Personal information
- Born: August 29, 1926 Los Angeles, California, U.S.
- Died: September 22, 2010 (aged 84) San Juan Capistrano, California, U.S.
- Listed height: 5 ft 10 in (1.78 m)
- Listed weight: 185 lb (84 kg)

Career information
- High school: Grant Union (Sacramento, California)
- College: USC (1944, 1946–1948)
- NFL draft: 1948: 9th round, 67th overall pick

Career history

Playing
- Detroit Lions (1949–1952); Washington Redskins (1953); Los Angeles Rams (1954);

Coaching
- Washington (1955) Defensive backs coach; West Contra Costa (1956) Head coach; USC (1957–1958) Defensive backs coach; Notre Dame (1959–1962) Defensive backs coach; Detroit Lions (1963–1964) Defensive backs coach; Los Angeles Rams (1965) Defensive backs coach; Washington Redskins (1966–1970) Defensive backs coach; Green Bay Packers (1971–1973) Defensive backs coach; Baltimore Colts (1974) Defensive coordinator; Miami Dolphins (1975–1976) Linebackers coach; San Francisco 49ers (1977) Special assignments coach; Detroit Lions (1978–1985) Special teams coach; Detroit Lions (1986–1988) Tight ends coach;

Awards and highlights
- NFL champion (1952); Second-team All-Pro (1951); 4× Pro Bowl (1950–1953); NFL kickoff return yards leader (1949); Detroit Lions 75th Anniversary Team; Detroit Lions All-Time Team; Third-team All-American (1947); 2× First-team All-PCC (1947, 1948); NFL record Most interception return yards in a season by a rookie: 301;

Career NFL statistics
- Interceptions: 41
- interception return yards: 617
- Total touchdowns: 3
- Stats at Pro Football Reference

Head coaching record
- Regular season: 2–7–0 (.222)
- Coaching profile at Pro Football Reference

= Don Doll =

American football player and coach (1926–2010)

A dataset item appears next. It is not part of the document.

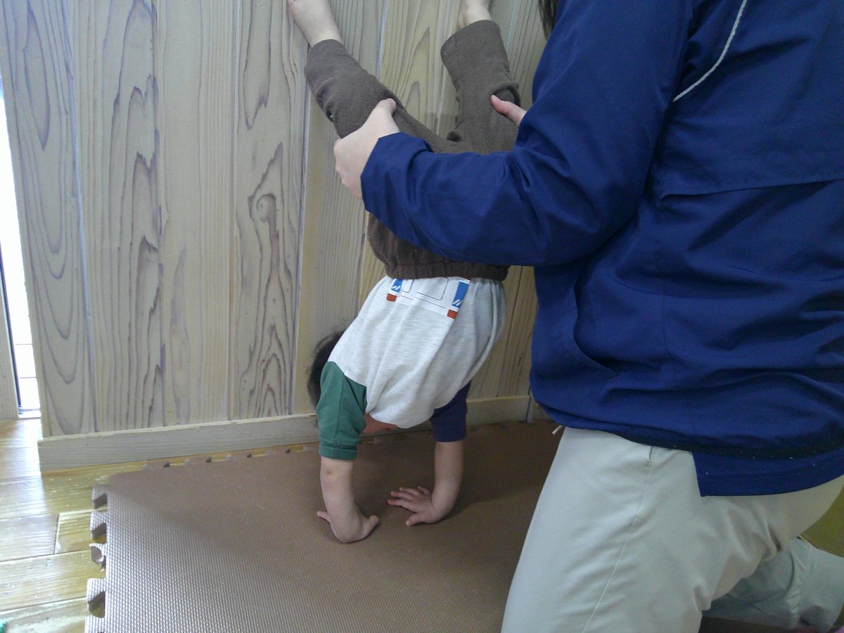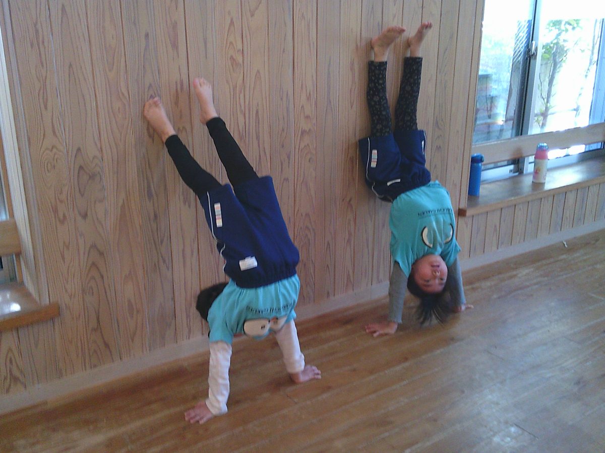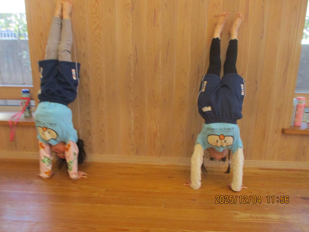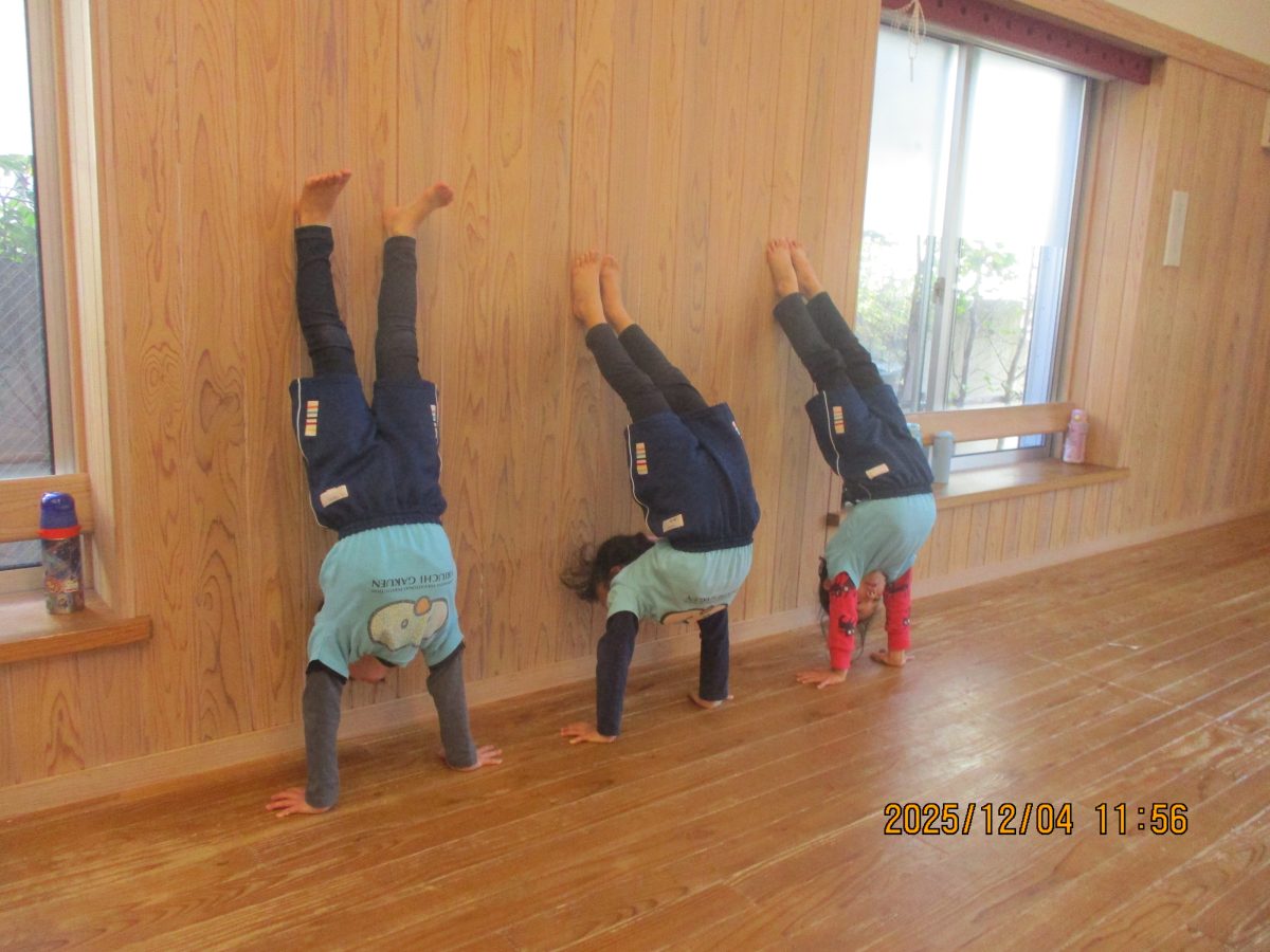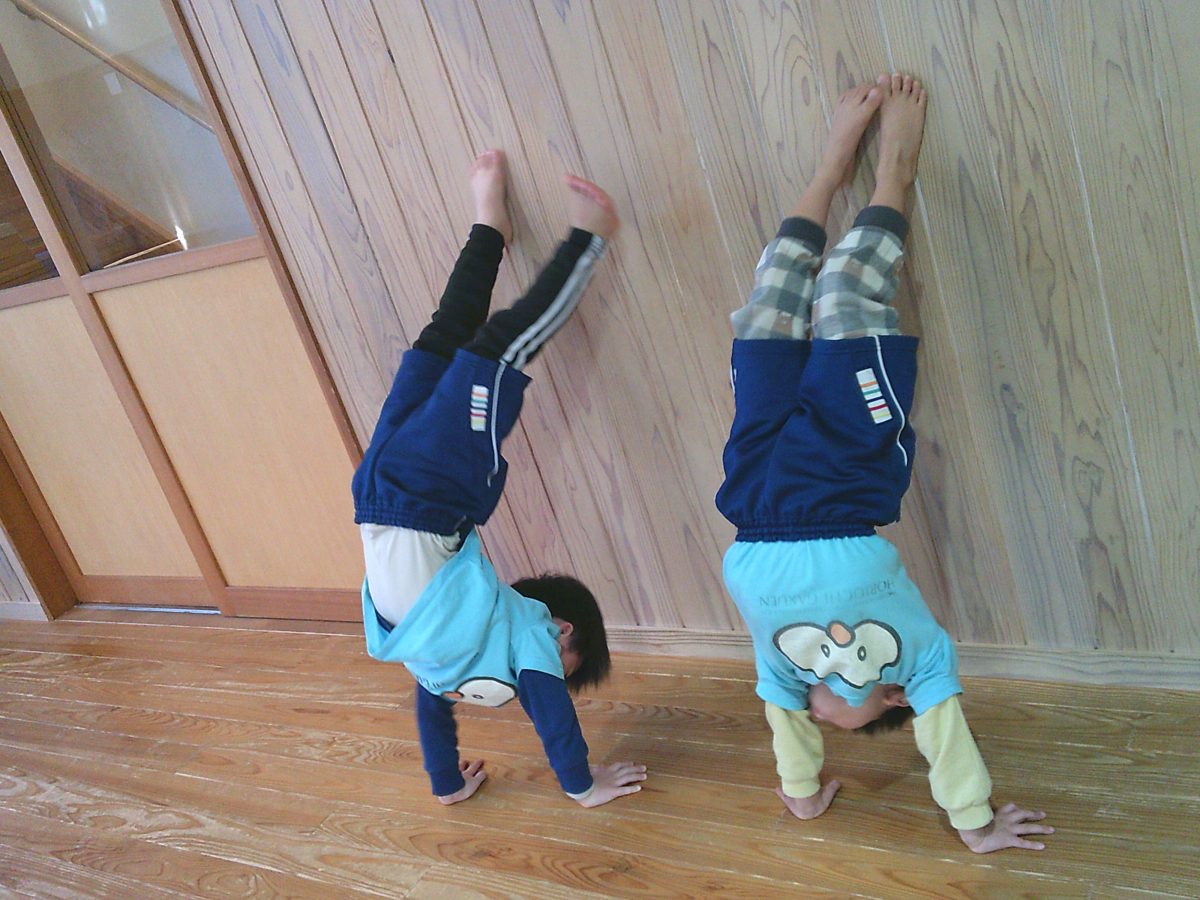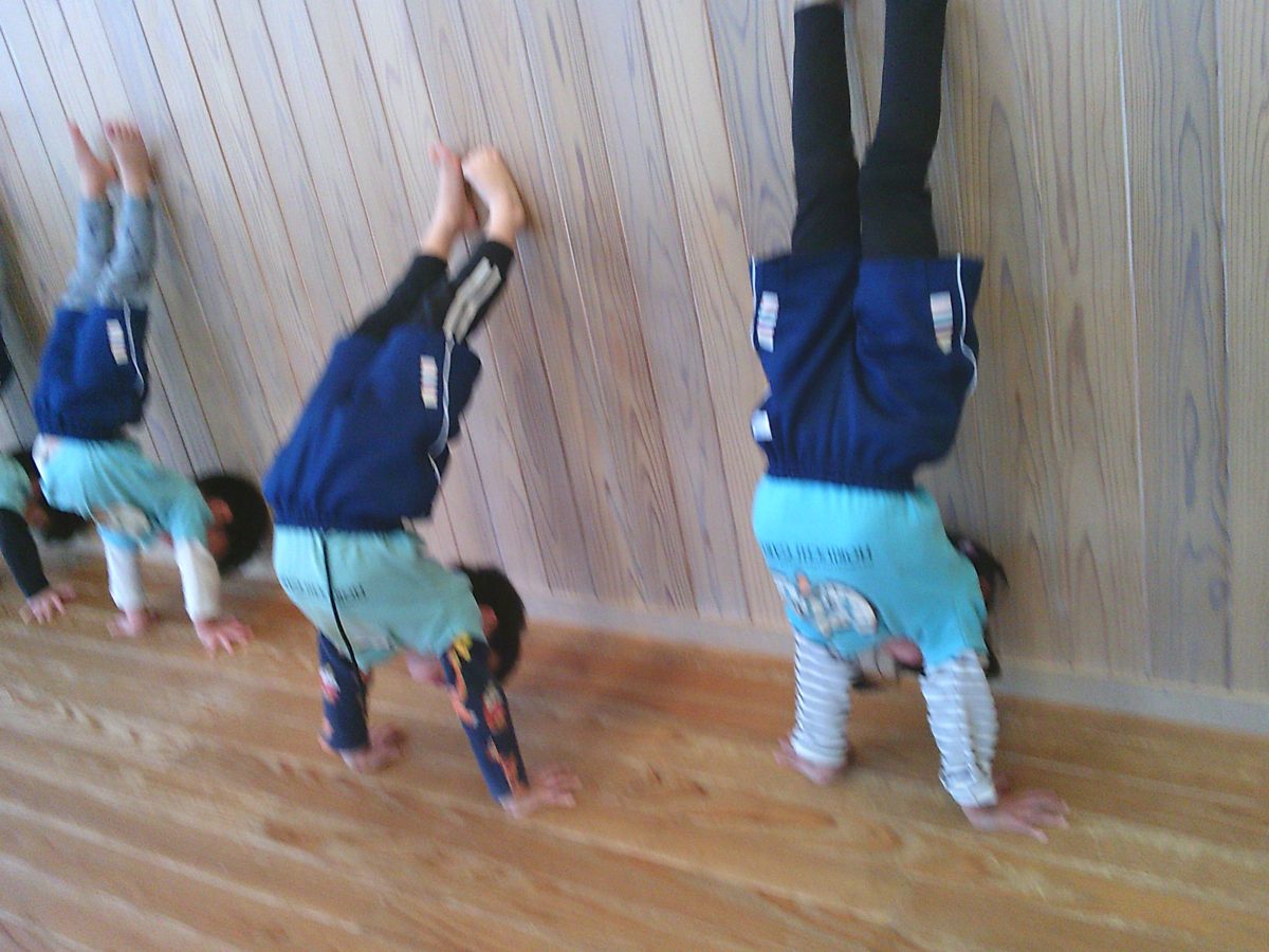 カニ歩き、壁逆立ち😏

Donald LeRoy Doll (August 29, 1926 – September 22, 2010), also known as Don Burnside, was an American professional football player and coach.

Doll played college football for the USC Trojans (1944, 1946–1948) and professionally in the National Football League (NFL) with the Detroit Lions (1949–1953), Washington Redskins (1954) and Los Angeles Rams (1955). He was selected to play in each of the first four Pro Bowls and was named the Most Valuable Player in the 1952 season Pro Bowl. He played safety on the 1952 Detroit Lions team that won the NFL championship. He tied an NFL record in 1949 with four interceptions in a single game and is the only player in NFL history to have 10 or more interceptions in each of three different seasons (1949, 1950 and 1953). When he retired at the end of the 1954 season, he was 2nd in the all-time list with 41 interceptions.

After retiring as a player, Doll worked as a football coach for 34 years, serving as the head coach at West Contra Costa Junior College in 1956 and as an assistant coach with the University of Washington (1955), USC (1957–1958), Notre Dame (1959–1962), Detroit Lions (1963–1964), Los Angeles Rams (1965), Washington Redskins (1966–1970), Green Bay Packers (1971–1973), Baltimore Colts (1974), Miami Dolphins (1975–1976), San Francisco 49ers (1977) and Detroit Lions (1978–1988). During his NFL career, he was associated with the game's legendary coaches, as a player for Curly Lambeau and an assistant coach under Vince Lombardi and Don Shula.

==Early life==
Doll attended Grant Union High School in Sacramento, California, where he was an all-league quarterback. Doll was also named Cal-Hi Sports State Player of the Year for football in 1943. He is one of only four Sacramento-area players to earn the honor.

==USC and military service==
Doll played halfback (both offensive and defensive) at the University of Southern California from 1944 to 1948, though he did not play in 1945 while serving in the military. He led the Trojans in rushing three times—in 1944, 1947 and 1948. He also led the team in receptions and scoring in 1948.

===1944 season===
In July 1944, he joined the Trojans as a 17-year-old freshman halfback. He played the 1944 season under his birth name, Don Burnside. In the 1944 season opener against UCLA, Doll had an immediate impact. He played halfback on both offense and defense (the norm in 1944), intercepting a Bob Waterfield pass and returning it 16 yards to the UCLA 22-yard line. On the next play, the Trojans again gave the ball to Doll who ran 20 yards to the 2-yard line. Two plays later, Doll scored on a 1-yard run to give USC a 13–0 lead at halftime.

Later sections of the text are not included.